Jonathan Phelan, Head of Retail Enforcement at the FSA, commented “AFS’s failings were serious because its sales process enabled vulnerable customers to apply for mortgage contracts that they could not necessarily afford. In giving the mortgage advice, AFS also failed to provide customers with accurate information about the mortgage contracts. The firm’s customer base is largely sub-prime and many of them were seeking to re-mortgage to consolidate existing debts.
"Behind this poor compliance regime, we found that in all the sales files that we reviewed the customers had provided AFS with false income and employment information.”

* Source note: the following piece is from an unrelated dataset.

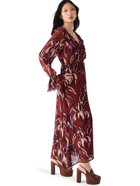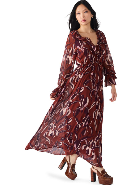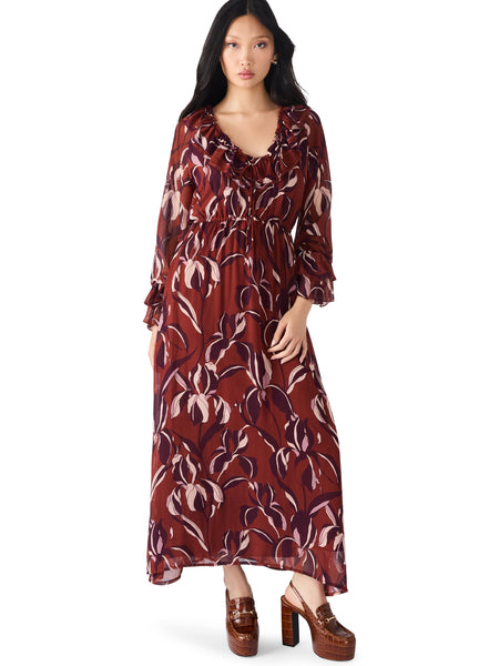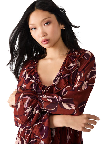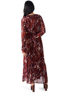 This dress is a romantic statement piece with effortless flow and movement. Designed in a sheer chiffon fabric, it showcases a rich wine-red base with a bold abstract floral print in shades of blush and plum. The silhouette features a deep V-neckline with soft ruffle trim, long sheer sleeves with gathered cuffs, and a flattering empire waist that flows into a breezy maxi skirt. Lightweight and ethereal, it’s perfect for special occasions, autumn evenings, or whenever you want to channel boho elegance with a modern twist.

The FSA identified the following concerns about AFS:
Personal and financial information provided by customers during the fact finding process was not disclosed on mortgage application forms submitted to lenders by AFS;
AFS did not have in place adequate systems to monitor the quality of advice provided by individual advisers;
AFS did not provide its customers with adequate suitability letters and could not demonstrate from its client files the suitability of recommended mortgage contracts;
AFS did not disclose the correct procurement fees to customers. The procurement fee stated in mortgage offers was significantly higher than that disclosed to the customers;
In a number of cases self-certification mortgages were recommended despite the fact that a standard high street mortgage contract was clearly more suitable; and
Behind a weak compliance regime, it appeared that many of AFS’ customers provided false income and employment information in support of their mortgage applications.
AFS co-operated fully with the FSA throughout the investigation and has been proactive in taking steps to remedy identified deficiencies and improve the resourcing and quality of its compliance function. From November 2007, AFS undertook a comprehensive programme of action to improve its compliance controls and sales procedures, and it has agreed to the appointment of a skilled person to report to the FSA on the effectiveness of its new arrangements. Even though AFS may have made unsuitable recommendations to customers, a past business review was not considered appropriate in this case because many of the customers had given false information about themselves.
AFS agreed to settle at an early stage of the FSA's investigation and therefore qualified for a 30% discount under the FSA’s executive settlement procedure. Were it not for this reduction, the FSA would have imposed a financial penalty of £90,000.